◆ Given information ◆
_ _ _ _ _ _ _
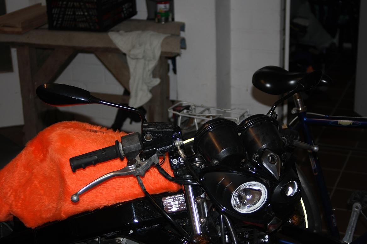 Die lampenmaske hat ja von vorn echt irgendwie nen reiz...aber von der seite...ich weiß haste probiert die näher an die gabel zu setzen oder wolltest nur die orginalen halter wieder hernehmen?
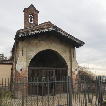 La cappella di San Sebastiano è un piccolo edificio a pianta quadrata di circa 6 metri per lato, con muratura esterna in ciottoli di fiume disposti a lisca di pesce, e sormontata da un campanile a vela.
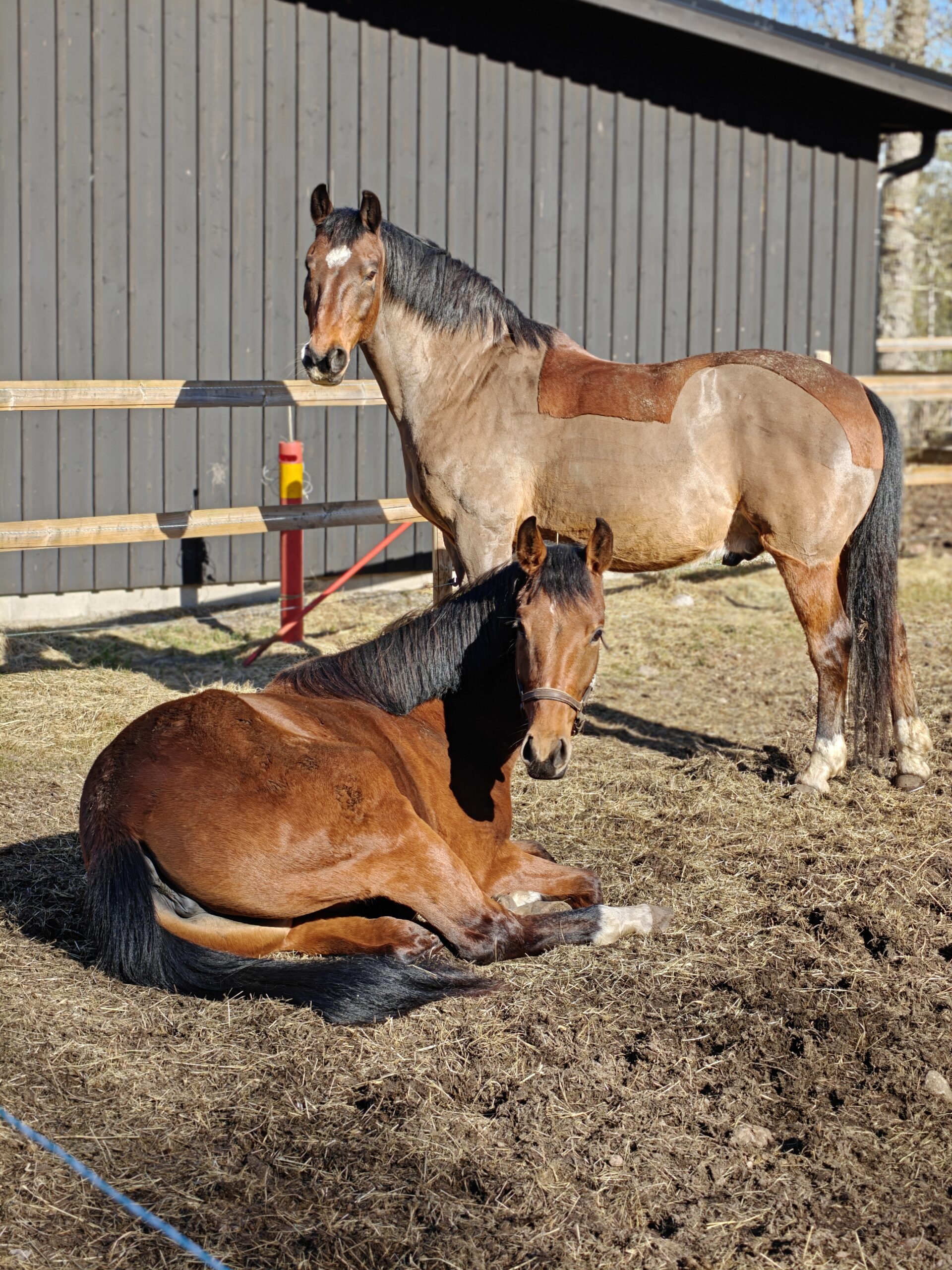 Båda hästarna skötte sig mycket fint. Palle & mamma gjorde studsen JÄTTEFINT. Sedan så märktes det att mamma var lite rostig på de andra hinderna. Lite fler sämre distanser än vanligt. Fler fel än rätt om jag ska vara helt ärlig, haha. Och så hinner hon inte riktigt komma in i det eller, vi hoppar inte många språng nu i början. Palle väntade dock riktigt fint på hinderna idag, markarbetet i veckan har gjort susen.
_ _ _ _ _ _ _
◆ Exercise requirements ◆
Leave out the pictures and set down all of the data exactly.

◆ Result for this task ◆
 Die lampenmaske hat ja von vorn echt irgendwie nen reiz...aber von der seite...ich weiß haste probiert die näher an die gabel zu setzen oder wolltest nur die orginalen halter wieder hernehmen?
 La cappella di San Sebastiano è un piccolo edificio a pianta quadrata di circa 6 metri per lato, con muratura esterna in ciottoli di fiume disposti a lisca di pesce, e sormontata da un campanile a vela.
 Båda hästarna skötte sig mycket fint. Palle & mamma gjorde studsen JÄTTEFINT. Sedan så märktes det att mamma var lite rostig på de andra hinderna. Lite fler sämre distanser än vanligt. Fler fel än rätt om jag ska vara helt ärlig, haha. Och så hinner hon inte riktigt komma in i det eller, vi hoppar inte många språng nu i början. Palle väntade dock riktigt fint på hinderna idag, markarbetet i veckan har gjort susen.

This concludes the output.